Anna Gerald1, Srividya Ganapathy1, Jianmin Zhu2, Yudan Wei1
1Mercer University School of Medicine, Macon, GA, USA. 2Fort Valley State University, Fort Valley, GA, USA
Background: Multiple factors affect estrogen levels in the body; however, the impact of exposure to environmental chemicals, such as heavy metals, on estrogen levels in humans remains inconclusive. Hypothesis: Is there a relationship between exposure to endocrine-disrupting metal lead and serum estrogen levels in adult women?
Methods: This cross-sectional study assesses the association between blood lead levels (BLLs) and serum estradiol in women (aged ≥ 20 years) who participated in the National Health and Nutrition Examination Survey between 2013-2016. Due to the impact of pregnancy and female hormone use on estrogen levels, we excluded participants who were pregnant or who used female hormones, resulting in a final sample of 1618 for the analysis. Using multiple general linear models, we estimated the changes (regression coefficient β) of serum estradiol levels (pg/mL) in association with BLLs (μg/dL), adjusting for potential confounders. Age-specific analysis was further conducted.

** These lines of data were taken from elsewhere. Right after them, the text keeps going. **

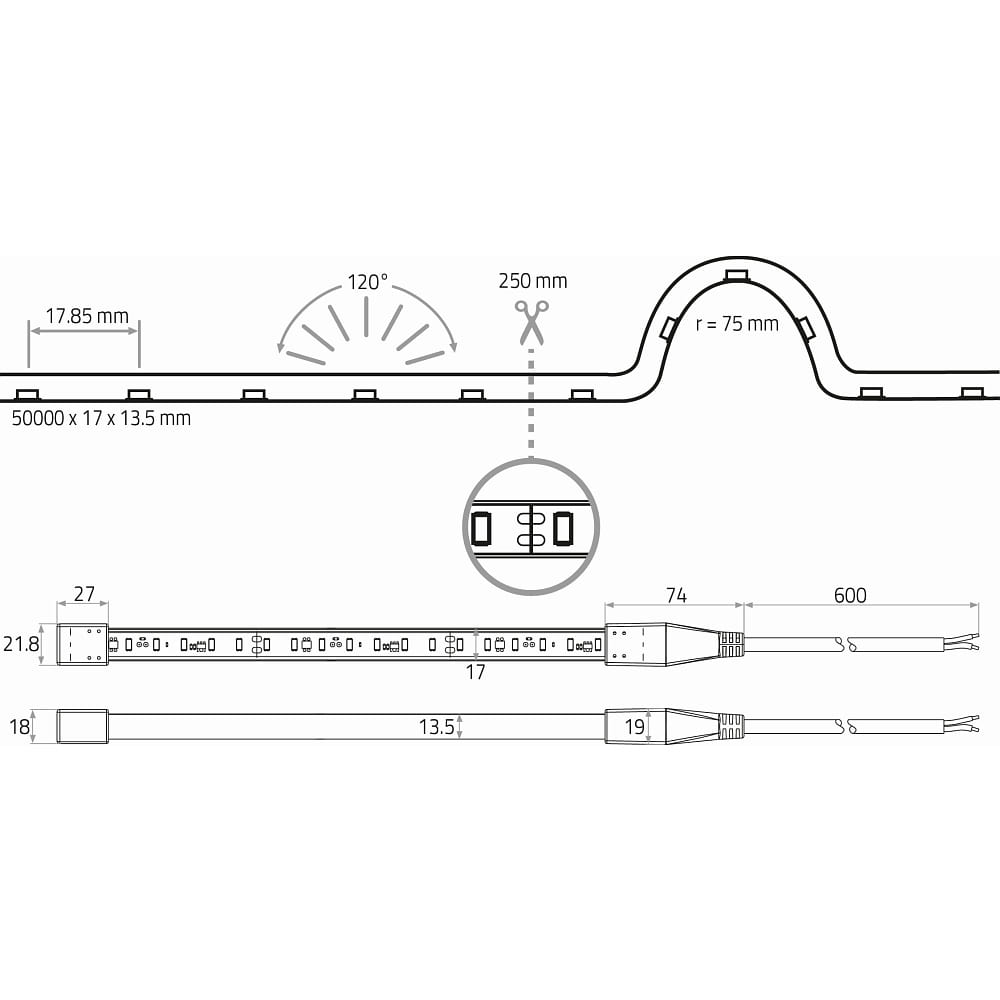 fully siliconised LED strip VARDAFLEX ECO AC - 50M / 1.7CM switchable white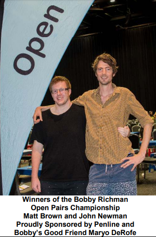 De fleste vil vel si det er svært hyggelig når unge spillere kommer opp og setter oss «gamlingene» på plass. I den første hovedturneringen, Bobby Richman Pairs (regnet som det australske parmesterskapet) var det to veldig unge spillere som vant.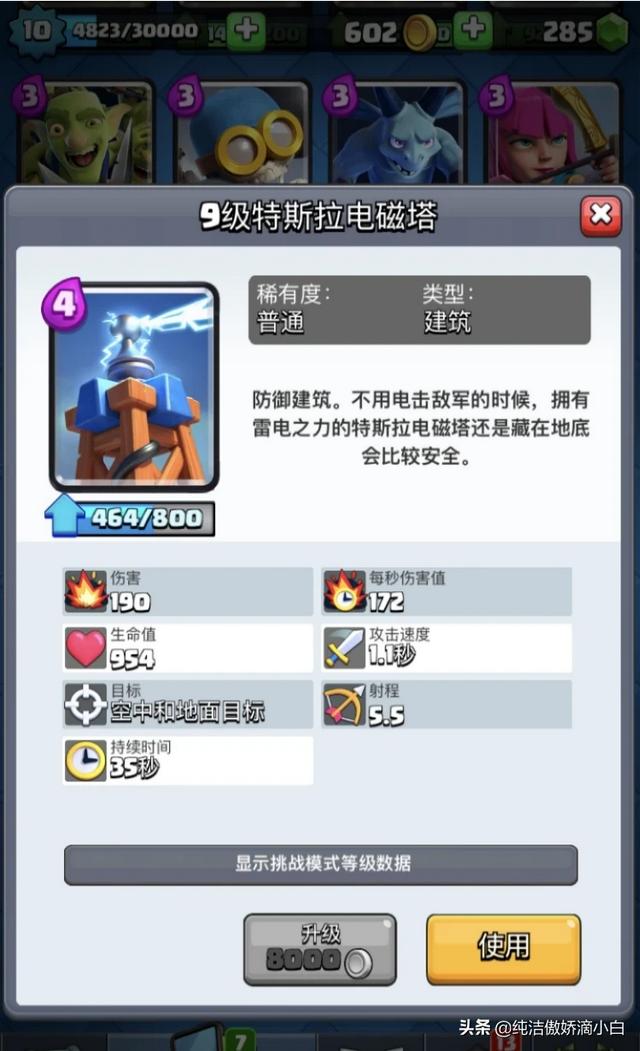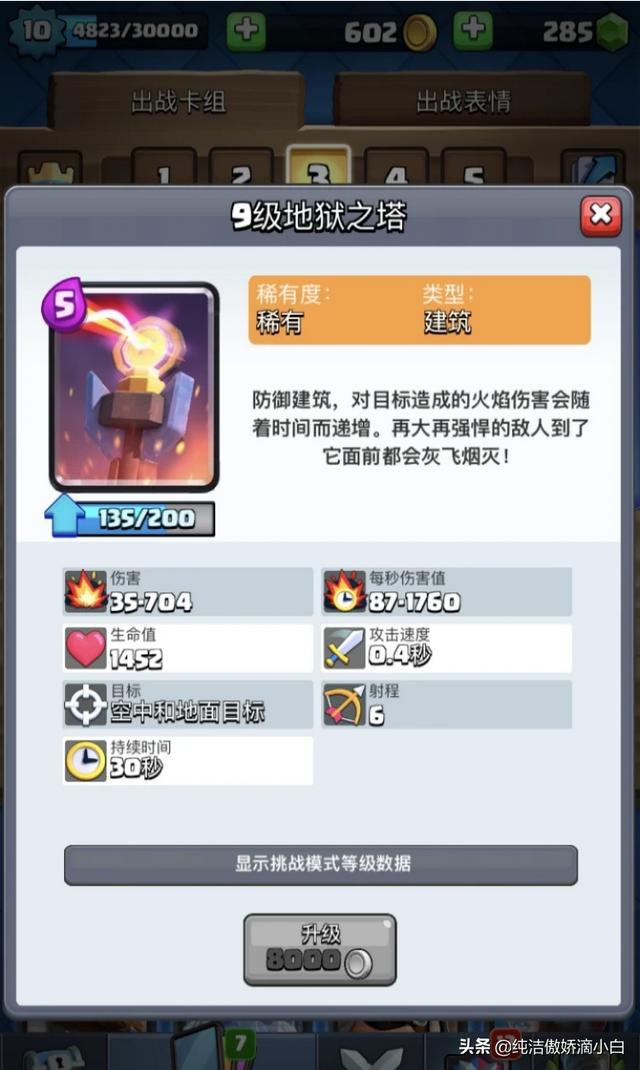 地狱塔可以配合低于一些大肉的卡牌,巨人和皮卡都是可以的,但是需要注意不要靠着对面太近。 给一点发挥的空间。

Results: The median of BLLs was 0.76 μg/dL (range: 0.11-12.80) and the median level of serum estradiol was 31.10 pg/mL (range: 2.12-523.00) among women aged 20-80 years. A statistically significant inverse association was found between blood lead and estrogen levels (β = -0.121; p = 0.0301), after adjusting for age, race/ethnicity, poverty status, education level, BMI, physical activity, cigarette smoking, alcohol consumption, and use of birth control pills. When stratified by age, a statistically significant inverse association was only seen among women aged 50-80 years (n = 600) (β= -0.363; p < 0.0001).
Conclusion: Our study demonstrated that increases in lead exposure were associated with decreased estrogen levels in older women, which might be implicated in the earlier menopause associated with increased levels of lead exposure that was observed in previous studies. Further studies are warranted to address limitations, including the cross-sectional nature of the study, and to characterize the interaction between lead exposure, reproductive hormones, and its associated reproductive toxicity.
003. Pediatric Risk of Mortality-III (PRISM III) and Pediatric Index of Mortality (PIM3) Scores among Pediatric Poisonings
Rachel E Culbreth1, Paul Wax1, Kim Aldy1,2, Christina Hantsch1, Theresa Mikhailov3, Nancy Brundage,4,5Jeffrey Brent5, In Collaboration with the Toxicology Investigators Consortium (ToxIC)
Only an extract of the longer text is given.